En voyant les Marbres d'Elgin
John Keats
Mon esprit est trop faible -- l'idée de la mort
Pèse lourdement sur moi comme un sommeil qu'on refuse,
Et chaque pinacle, chaque sommet de divin héroïsme
Issu de mon imagination, me dit que je devrai mourir
Comme un Aigle malade qui regarde le ciel.
Pourtant, c'est un doux luxe que de pouvoir me dire
En pleurant, que je n'ai pas a garder les vents ennuagés
Frais pour que s'ouvre l'oeil de l'Aurore.
Telles splendeurs confusément conçues par l'esprit
Portent au coeur un indescriptible tumulte;
De même ces merveilles lui portent une vertigineuse douleur,
Qui mêle la grandeur de la Grèce avec les grossiers
outrages
Du Temps ancien -- avec un courant tumultueux --
Un soleil -- l'ombre d'une Grandeur.

Poème de Roger Casement
Rendez les Marbres d'Elgin, qu'ils reposent,
Sans tache, purs sous le ciel attique
Les doigts fumants de notre climat du nord
Font plus de ruine que tous le temps ancien.
Combien de fois le grondement de la mer Piréenne
Rôdant par la salle à colonnes et le temple sombre
A frappé ces oreilles de marbre, qui maintenant doivent fuir
Le bourdonnement tourbillonnant de Londres, vacillant vers midi.

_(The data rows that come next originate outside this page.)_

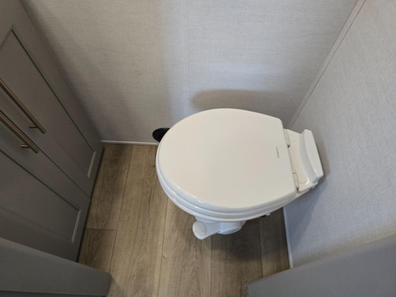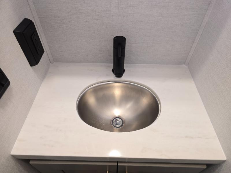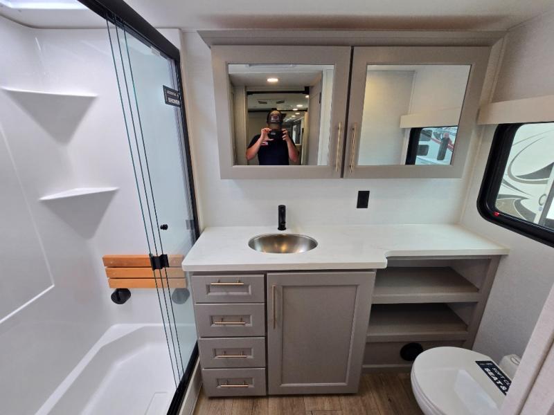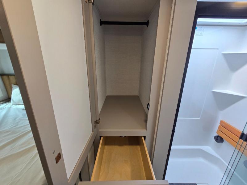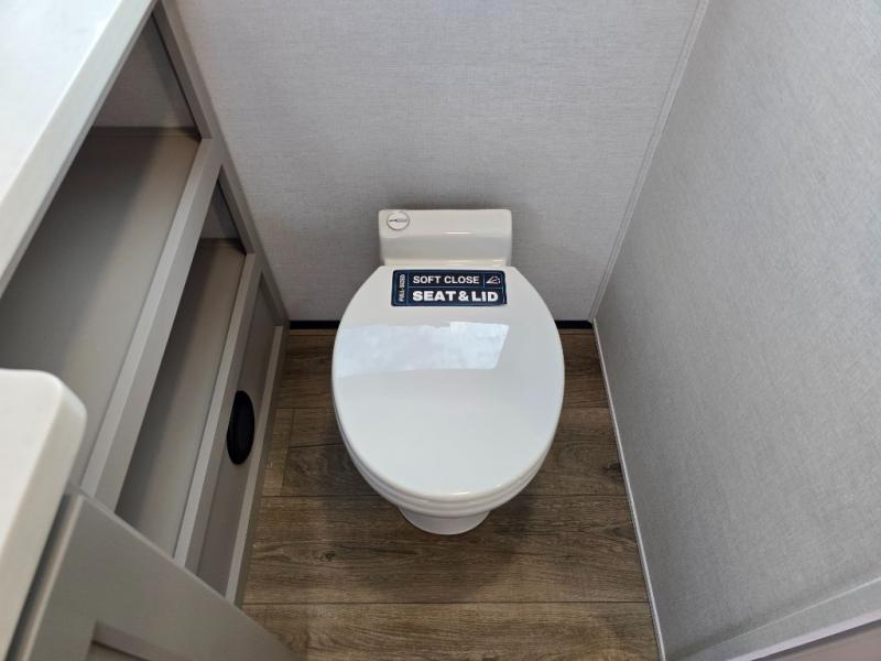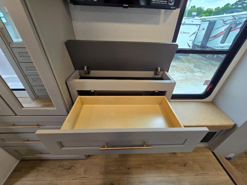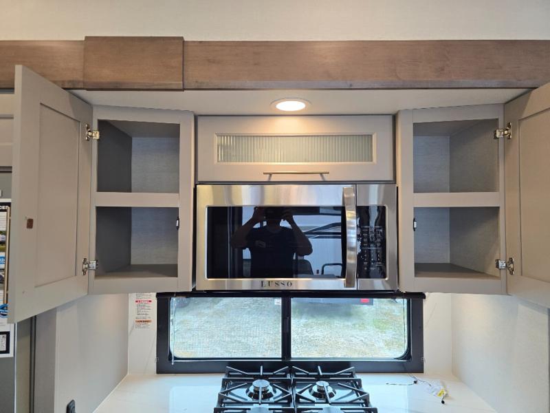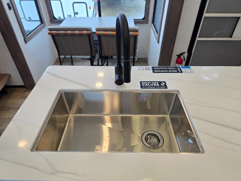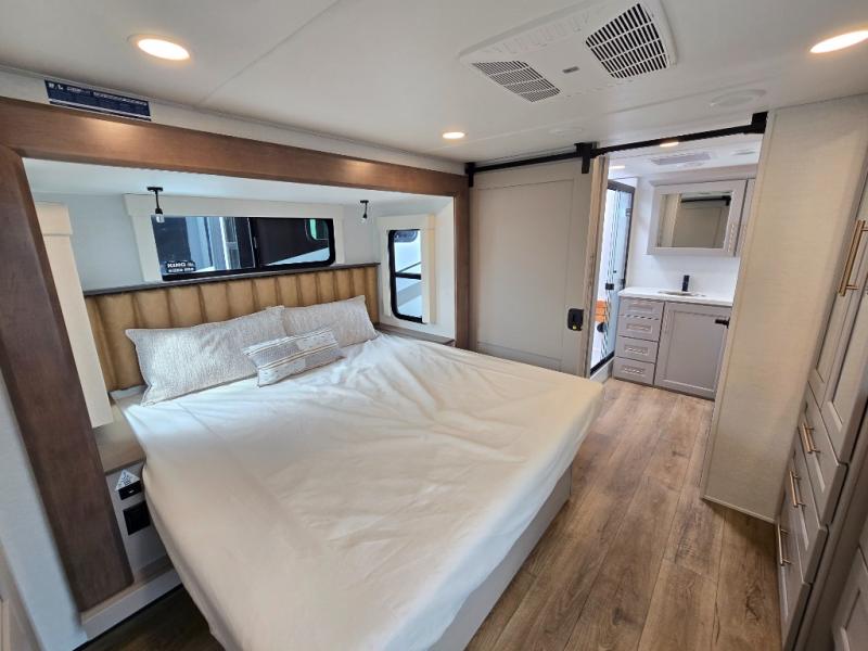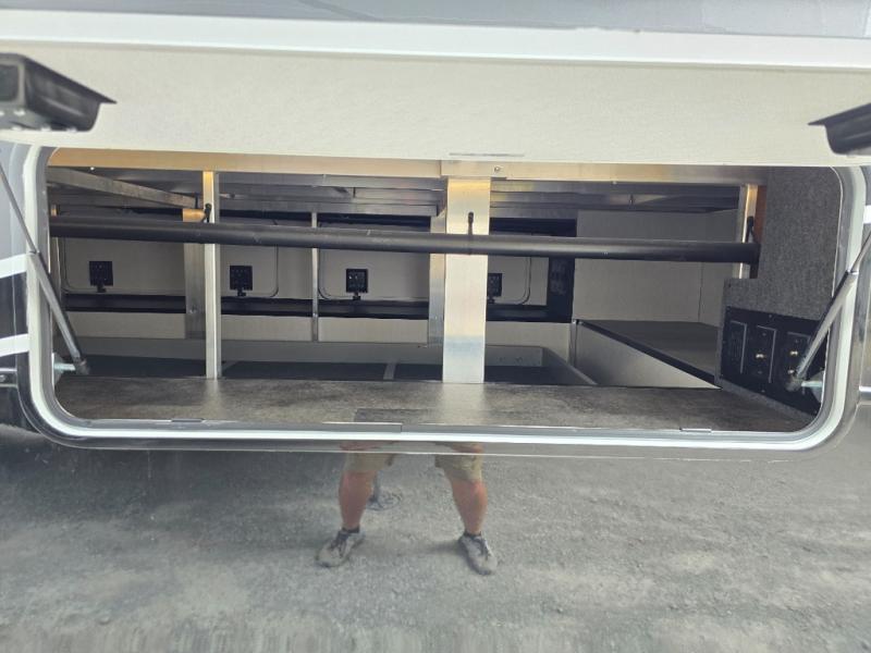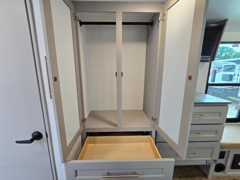An active family will want this fifth wheel with its 48" x 115" exterior basement pull-out tray for kayaks or extra storage. Just above this area is the master suite with a rear bathroom that offers a residential shower, a porcelain toilet with soft close seat, plus a wardrobe and shelf storage. The king bed slide gives you more floor space, and you will have a seat, a flip-top dresser, and a Smart TV to watch movies in bed. The half bath is next to the main entry which is super convenient, and the middle kitchen is separate from the front living area. The cook will love the residential microwave, range and oven, plus the 19 cu. ft. 12 volt residential refrigerator. There is also a pantry and extra counter space on the kitchen island with a large sink. The views out of the atrium windows in the slide out, which includes the swivel table and desk, are a must see. And when you need to watch the big game, the 55" Smart TV with a pull-out fireplace storage are up front with the dual recliner love seat and two sleeper sofas.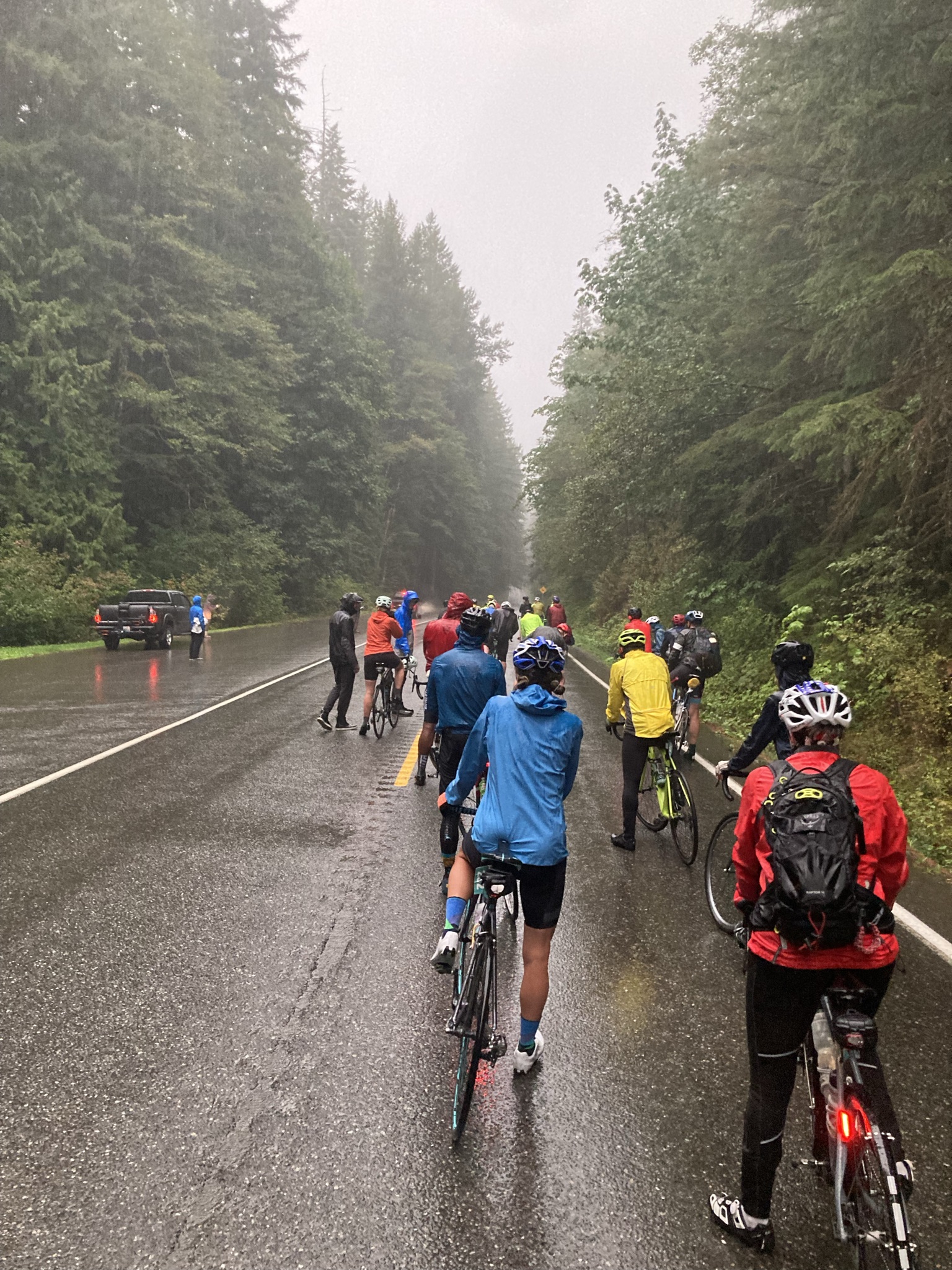 Well there we go, another wet Mt. Baker Hill Climbs, that’s 2 out of 3 for me. 2018 was mostly cold but clear with beautiful views. 2019 was wet riding in a cloud with almost no visibility. Then this year was just raining, raining, and more raining with views of rain. However, the ride was, as in there was a 2021 ride, not another in a long line of Covid cancelled events. Sure, maybe there was rain dripping down my neck at the starting line, but I was still happy about riding in the rain and I would happily do it again next year. Maybe we can have a little snow in 2022 just to round out things out in the weather department?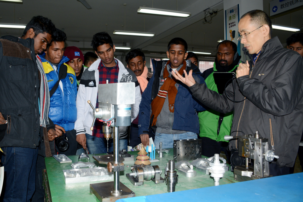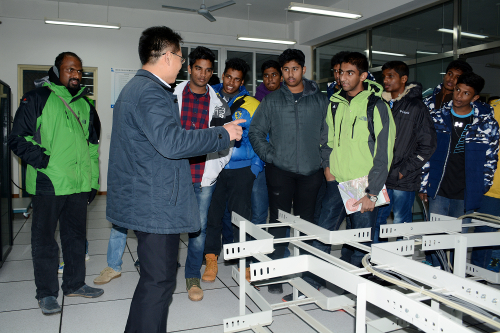 為迎接國際友人訪問,學院培訓了一支英語學生講解員和志愿者,用英語介紹校園環境,各實驗實訓場所“雙語”教師介紹設備及功能。在數字化數控加工車間、機械制造工藝實訓車間,現代通信技術綜合實訓基地、SMT實訓室、鐵路施工技術實訓場,學生們認真學習、詳細了解各實訓設施設備性能及工作原理,贊嘆我院的“教學做”一體化課堂環境。在機電系舉辦的創新產品博覽會上,斯里蘭卡學生們對我院學生設計制作的機器人、激光雕刻等各種創新作品,興趣濃厚,交流討論。在軌道交通綜合實訓中心,學生們被數臺不同類型的城軌實訓車吸引,紛紛駐足,拍照留念。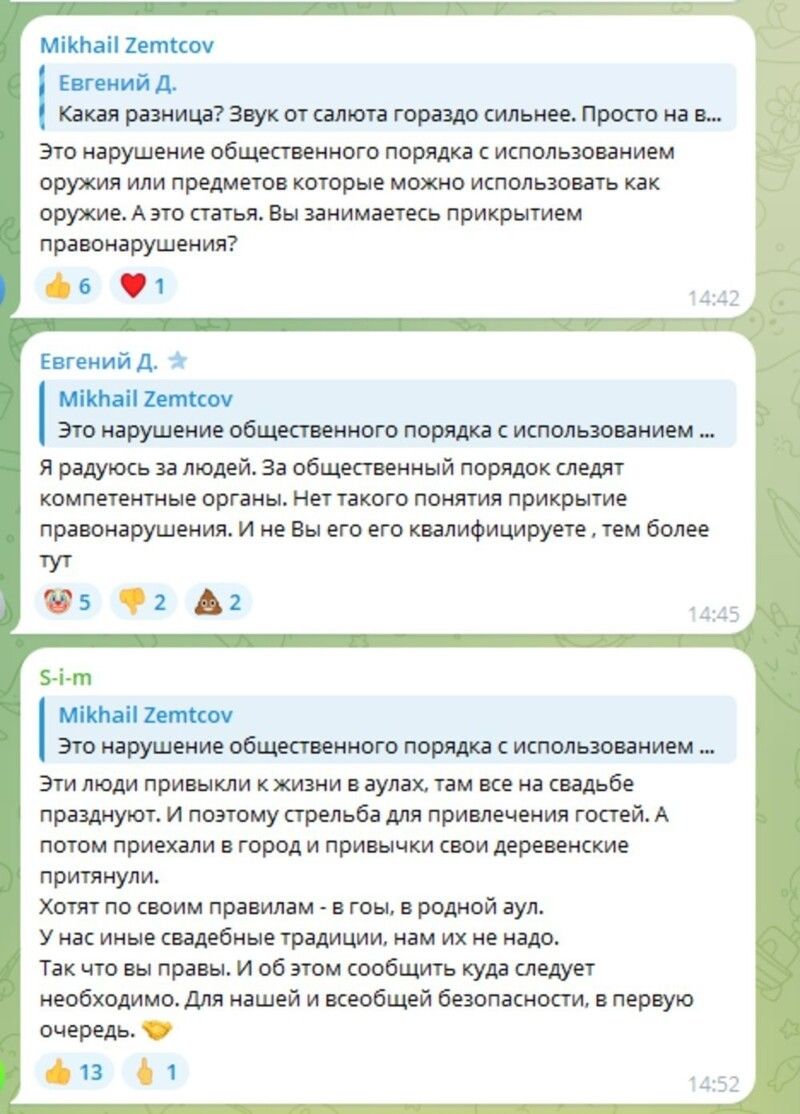 Жители Чехова наблюдали свадьбу, которая была излишне громкой. Музыка гремела так, что была слышна из соседних дворов, молодожены садились в авто под канонаду выстрелов. А затем раздался грохот как будто от взрыва. Учитывая непростое время, многие жильцы соседних домов были изрядно напуганы."В доме 110 на улице Московской, где проживают военные и сотрудники ФСБ с опытом службы более 20 лет, происходит настоящий ужас! На детской площадке прогремел взрыв от какой-то бомбы, дети в панике! Стрельба велась чуть ли не в окна! Это просто кошмар!" - сообщают жители улицы. В Телеграм-канале "Чехов Вид" развернулась настоящая дискуссия по поводу произошедшего. Одни желали счастья молодым и настаивали, что ничего страшного не произошло - подумаешь, постреляли немного. Другие категорически не согласились с этим мнением: стрельба, пусть и из охолощенного оружия считается нарушением порядка, и за это нужно отвечать.

Ah ! qu'ils entendent encore le bruit qui flotte
Autour du sanctuaire d'Athènes dans la brise du matin -
Le beuf mugissant, la clarine de la chèvre qui grimpe
Et l'abeille assoupie dans la brise du lointain Hymette.
Rendez les Marbres; qu'ils montent la garde
Là où vit encor l'Art, endormi sur la tombe de Phidias.
Roger Casement est un révolutionnaire irlandais
qui fut pendu par les Anglais pendant la première guerre mondiale.
Extrait d'un discours
prononcé par Alexander Rangavis
à la réunion de la Société Grecque d'Archéologie
Le 12 mai 1842, devant le fronton est du Parthénon.
"Que dirait l'Europe, j'en frémis,
si quelqu'un trouvait un dessin de Raphaël ou d'Apelle
et, incapable de l'emporter en entier,
coupait les jambes ou la tête de cette oeuvre d'art .
Si l'Angleterre, amie d'exploits vaillants,
ne peut emporter ce temple entier sur son sol,
et avec lui le ciel d'un bleu profond
sous lequel se trouve ce monument tout blanc,
et ne peut emporter l'air transparent qui baigne le temple
et le soleil brillant qui le dore -
si l'Angleterre ne peut emporter tout cela dans le climat de son
nord lointain, alors, de même que jadis rois et roturiers
envoyaient des
offrandes d'adoration au Parthénon et à l'Acropole,
de même, l'Angleterre devrait nous renvoyer,
en signe de respect envers le berceau de la civilisation,
les joyaux du temple qui en furent arrachés
et sont maintenant lointains et sans valeur,
alors que le temple lui-même demeure tronqué et informe."